### What is being asked
Copy out the lines beginning at the one with "The three biggest" and ending at the last line of the data, both included; pictures stay out.

### Records supplied
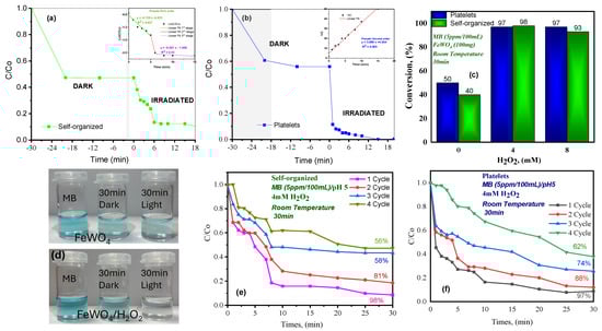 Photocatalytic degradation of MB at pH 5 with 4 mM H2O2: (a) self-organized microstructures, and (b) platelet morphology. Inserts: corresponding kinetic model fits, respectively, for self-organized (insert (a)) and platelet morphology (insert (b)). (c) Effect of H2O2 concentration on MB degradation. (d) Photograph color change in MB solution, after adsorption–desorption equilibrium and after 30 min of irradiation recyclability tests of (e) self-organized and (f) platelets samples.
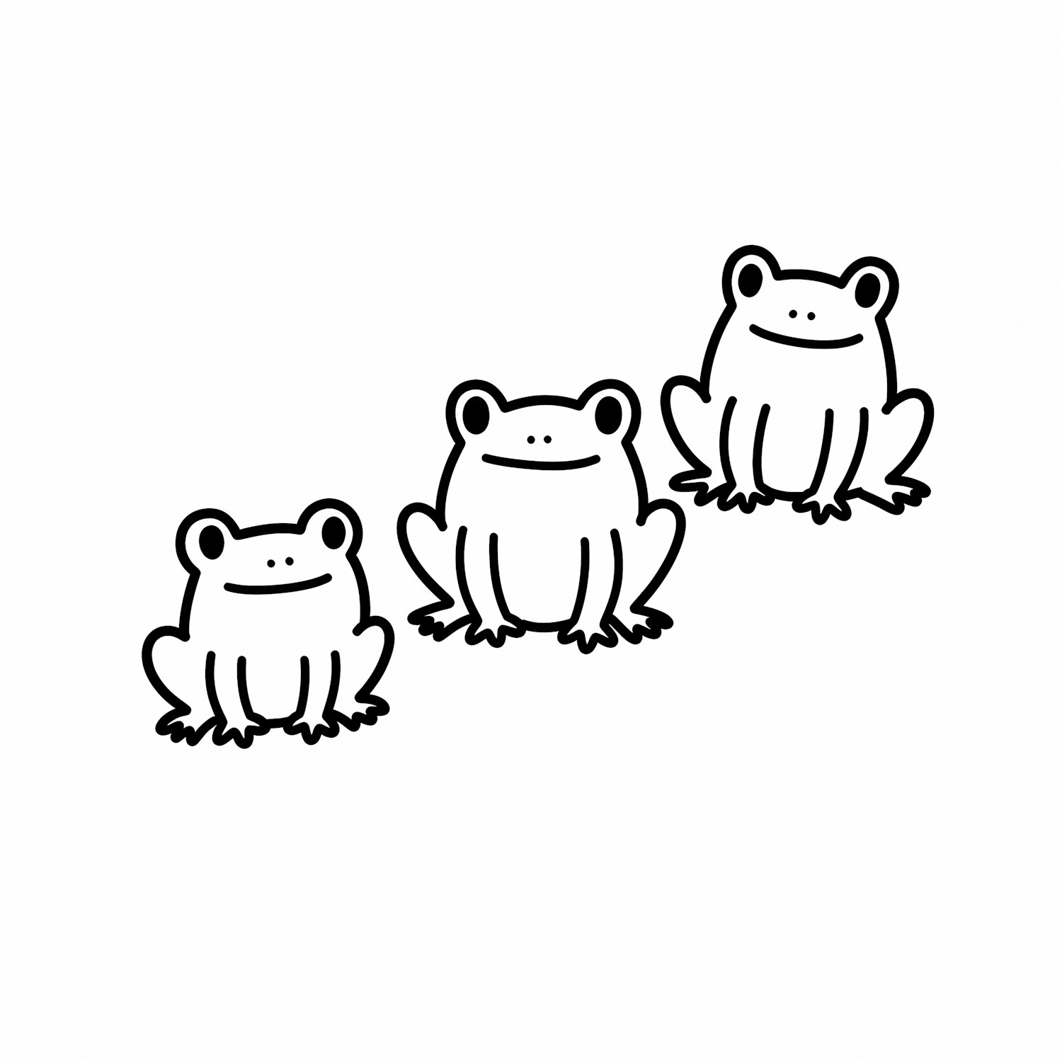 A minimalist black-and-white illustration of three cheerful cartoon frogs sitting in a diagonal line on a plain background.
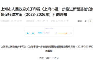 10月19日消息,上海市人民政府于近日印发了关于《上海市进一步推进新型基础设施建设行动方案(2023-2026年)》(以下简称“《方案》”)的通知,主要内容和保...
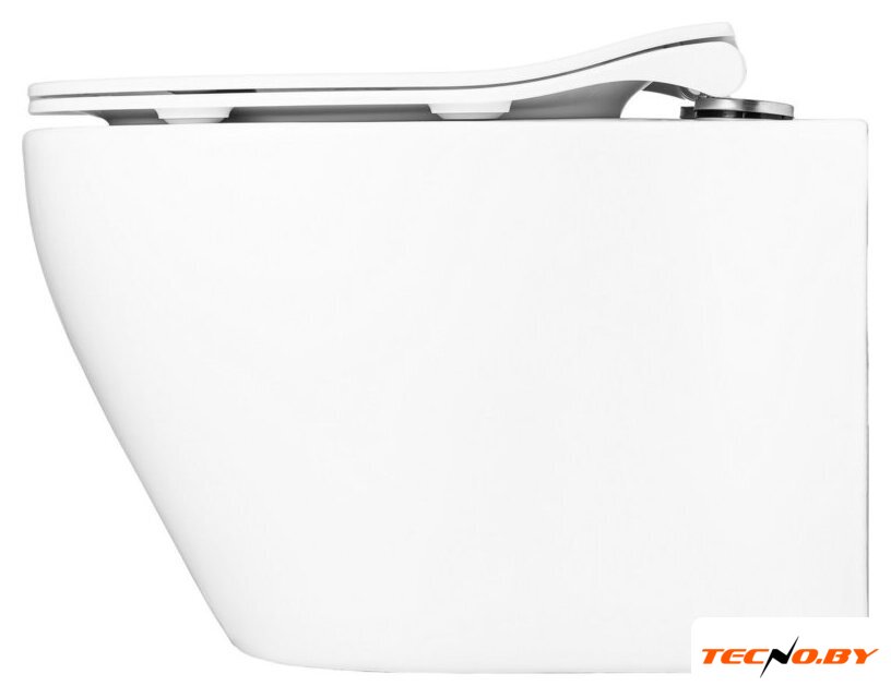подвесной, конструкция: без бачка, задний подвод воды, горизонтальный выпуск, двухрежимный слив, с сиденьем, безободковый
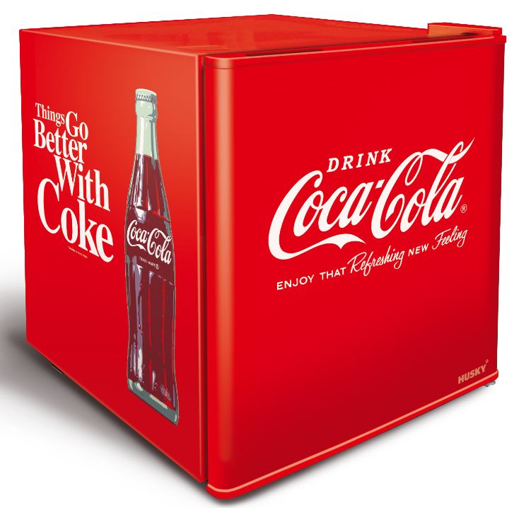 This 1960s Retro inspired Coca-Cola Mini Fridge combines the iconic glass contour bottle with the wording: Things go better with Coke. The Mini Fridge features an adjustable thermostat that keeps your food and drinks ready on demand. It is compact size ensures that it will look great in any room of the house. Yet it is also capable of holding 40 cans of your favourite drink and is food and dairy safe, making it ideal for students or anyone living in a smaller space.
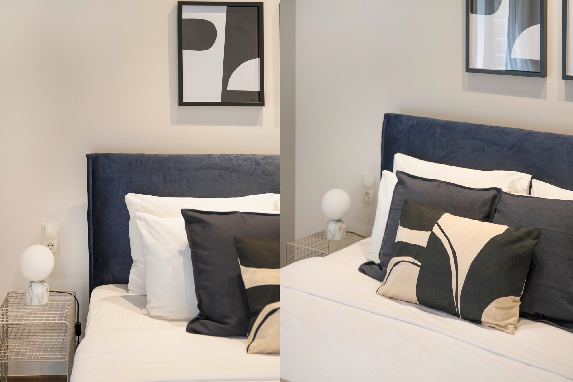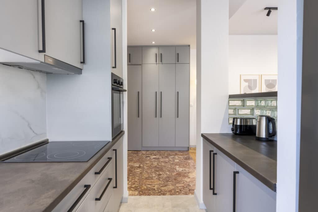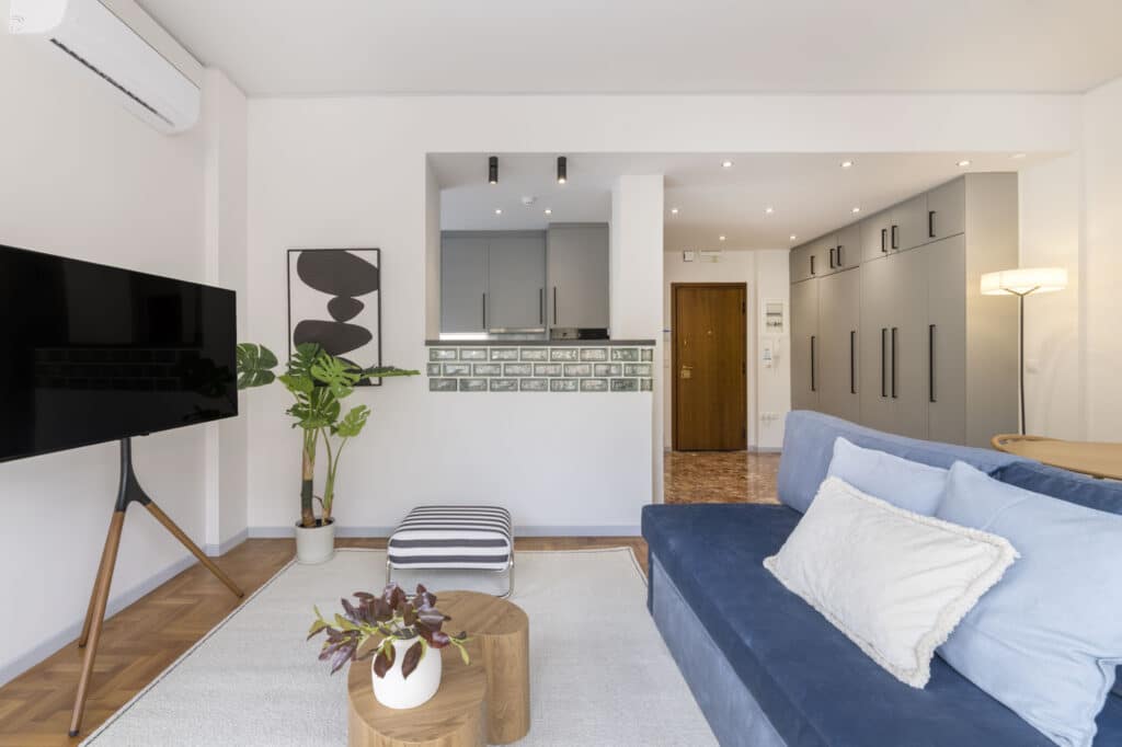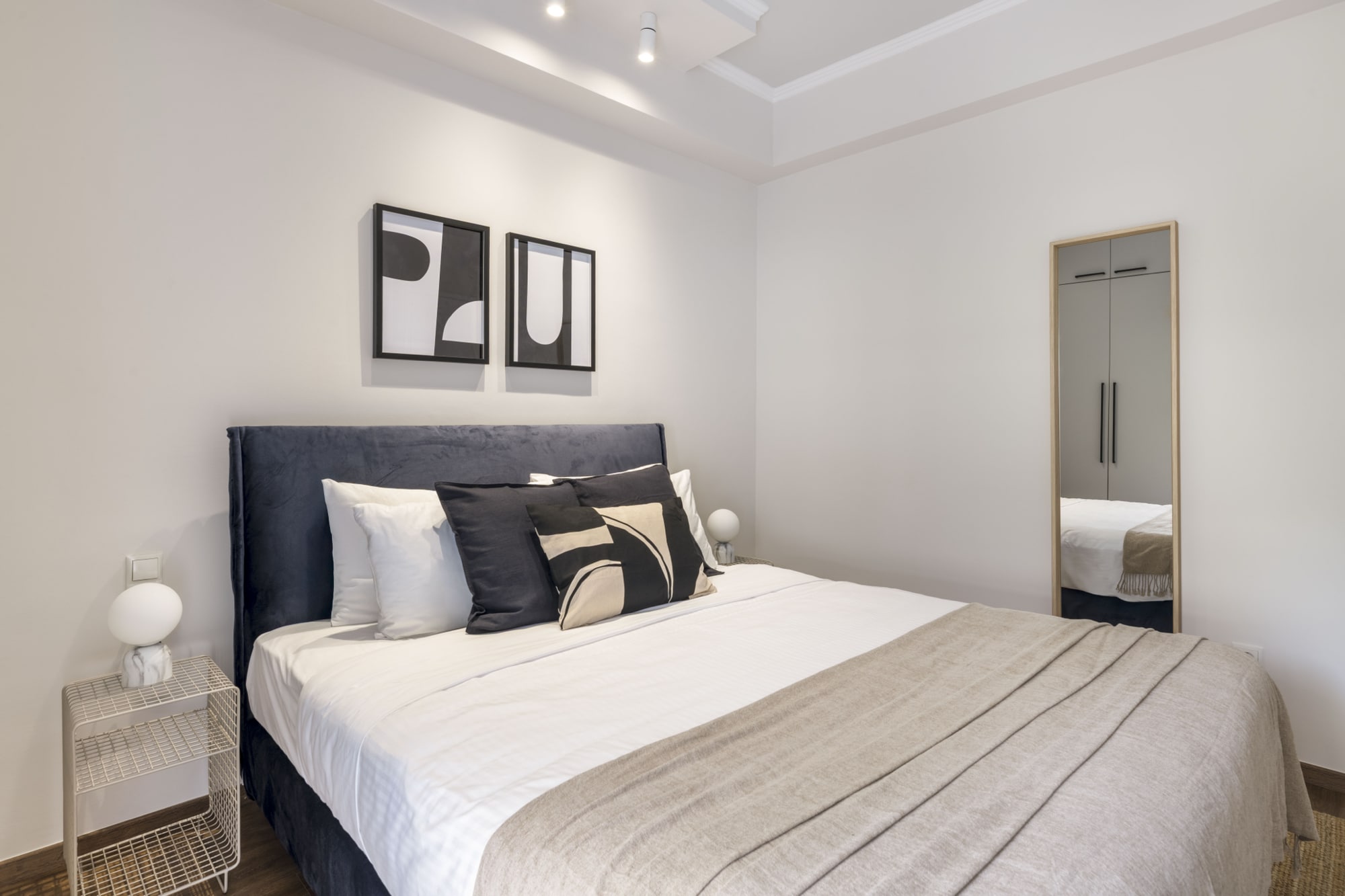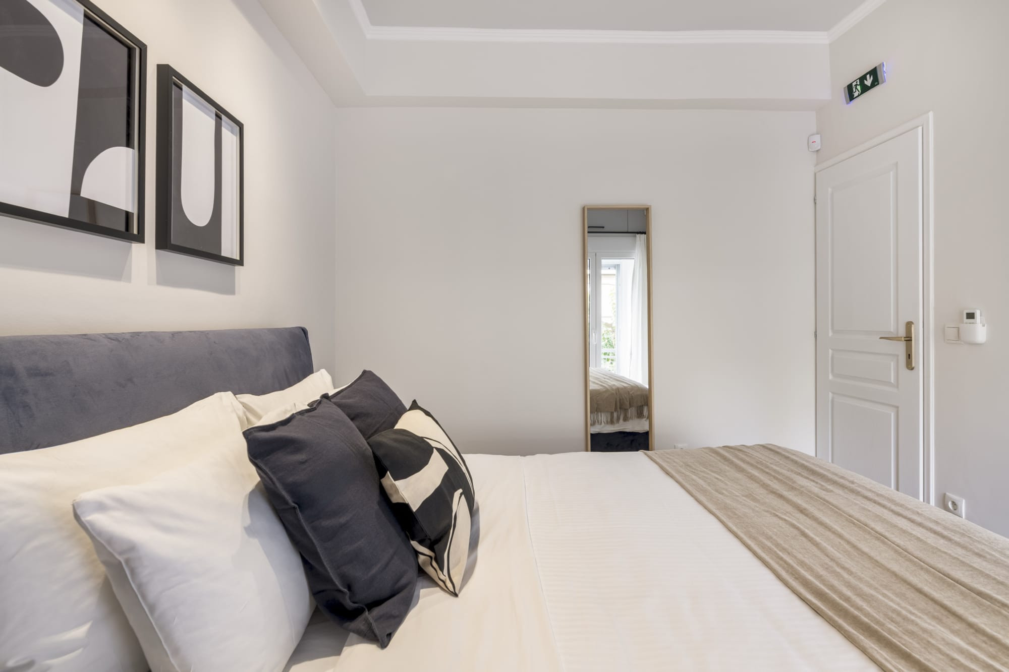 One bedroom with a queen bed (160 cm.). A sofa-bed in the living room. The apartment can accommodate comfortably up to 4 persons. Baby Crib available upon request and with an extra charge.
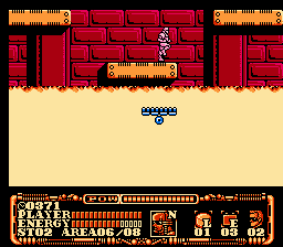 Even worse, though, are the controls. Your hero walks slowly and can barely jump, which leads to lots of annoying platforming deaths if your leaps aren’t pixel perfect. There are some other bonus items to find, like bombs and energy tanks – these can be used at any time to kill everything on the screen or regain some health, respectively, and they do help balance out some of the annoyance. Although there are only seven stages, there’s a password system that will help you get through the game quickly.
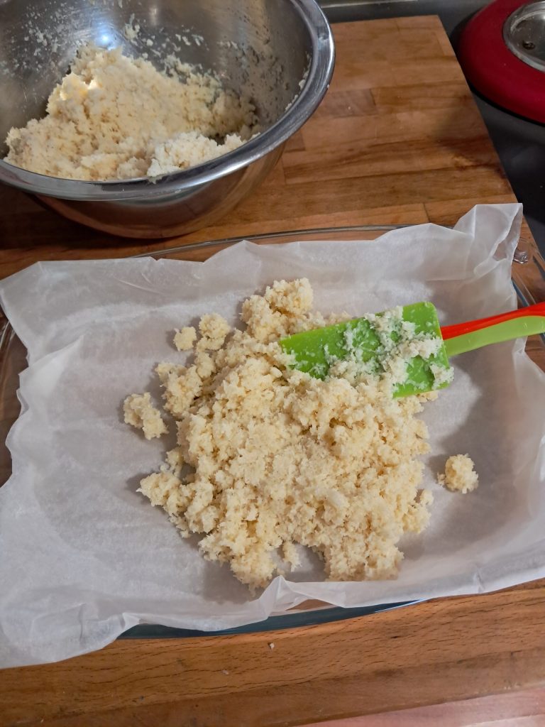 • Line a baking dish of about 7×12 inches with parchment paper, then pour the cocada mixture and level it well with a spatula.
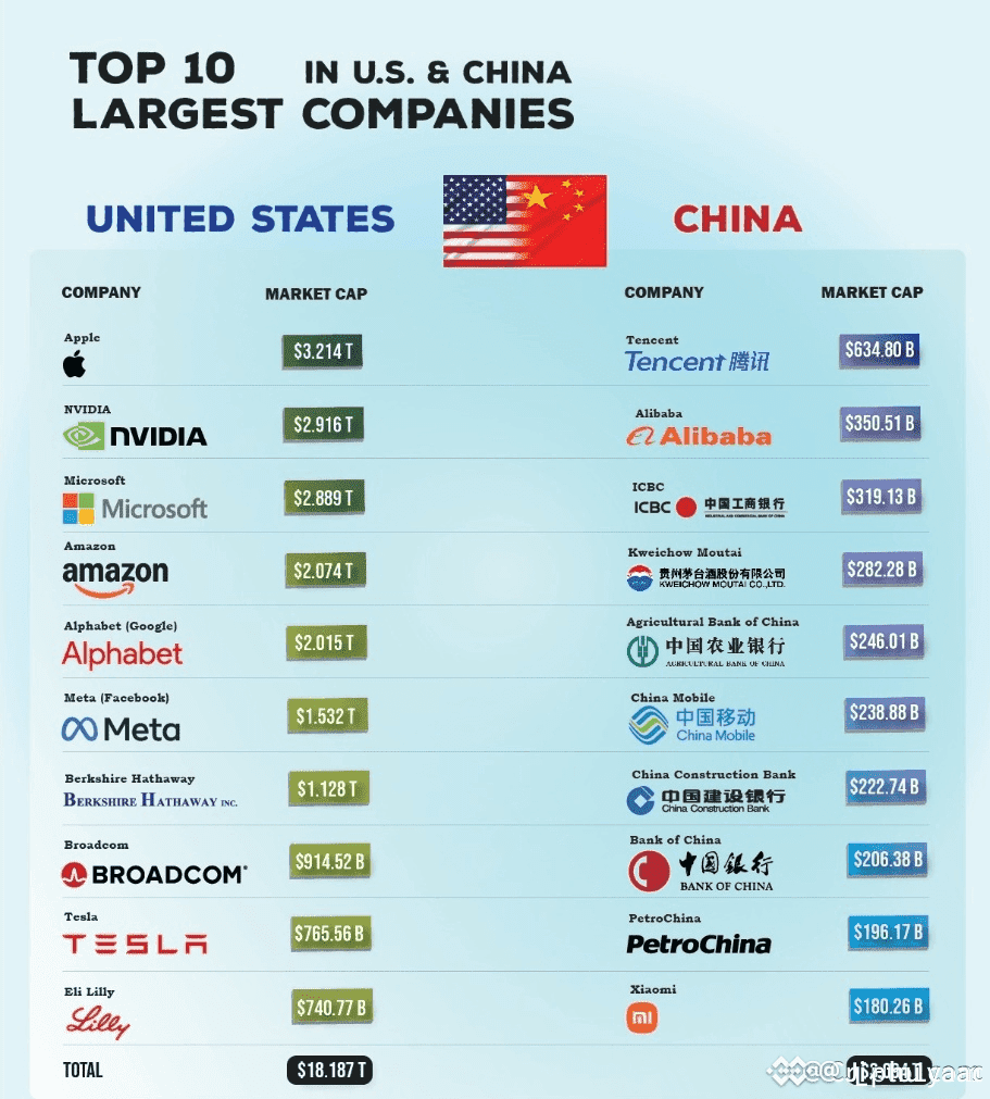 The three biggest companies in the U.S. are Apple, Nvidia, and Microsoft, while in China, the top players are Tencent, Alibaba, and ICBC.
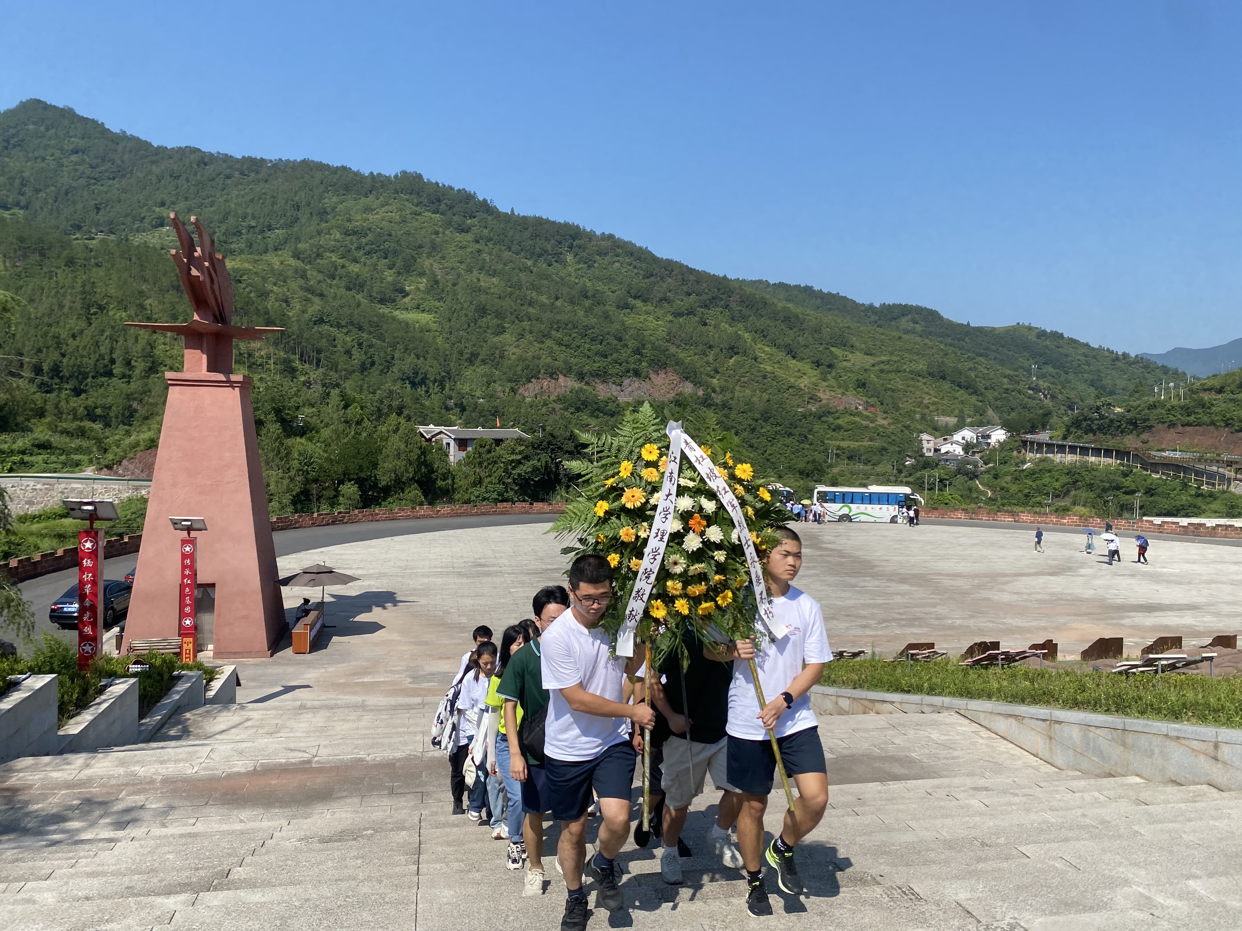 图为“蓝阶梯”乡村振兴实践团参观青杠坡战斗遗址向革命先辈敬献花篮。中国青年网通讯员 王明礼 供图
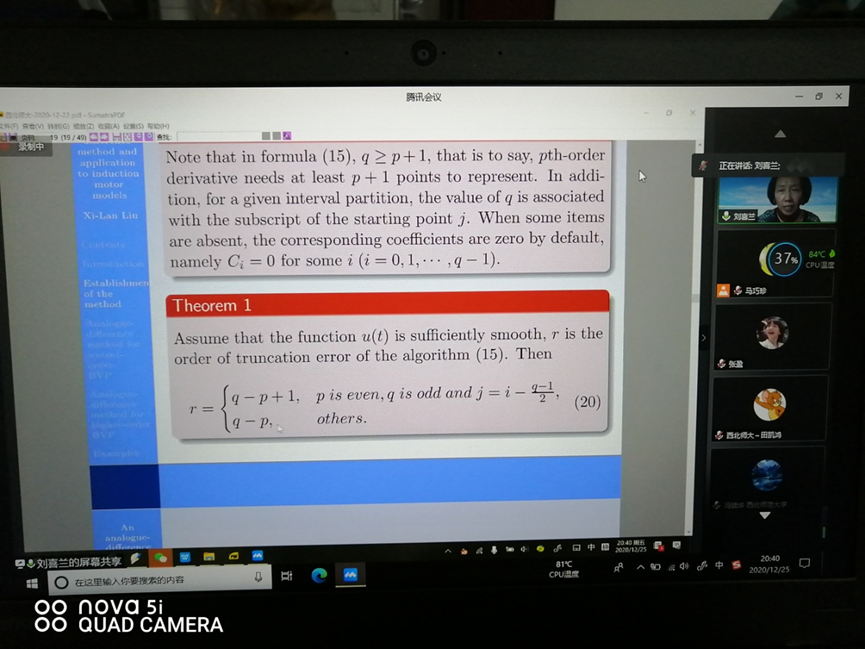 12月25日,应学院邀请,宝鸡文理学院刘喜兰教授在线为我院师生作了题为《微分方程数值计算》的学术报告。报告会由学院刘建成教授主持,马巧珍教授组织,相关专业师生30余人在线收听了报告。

### Reply
 The three biggest companies in the U.S. are Apple, Nvidia, and Microsoft, while in China, the top players are Tencent, Alibaba, and ICBC.
 图为“蓝阶梯”乡村振兴实践团参观青杠坡战斗遗址向革命先辈敬献花篮。中国青年网通讯员 王明礼 供图
 12月25日,应学院邀请,宝鸡文理学院刘喜兰教授在线为我院师生作了题为《微分方程数值计算》的学术报告。报告会由学院刘建成教授主持,马巧珍教授组织,相关专业师生30余人在线收听了报告。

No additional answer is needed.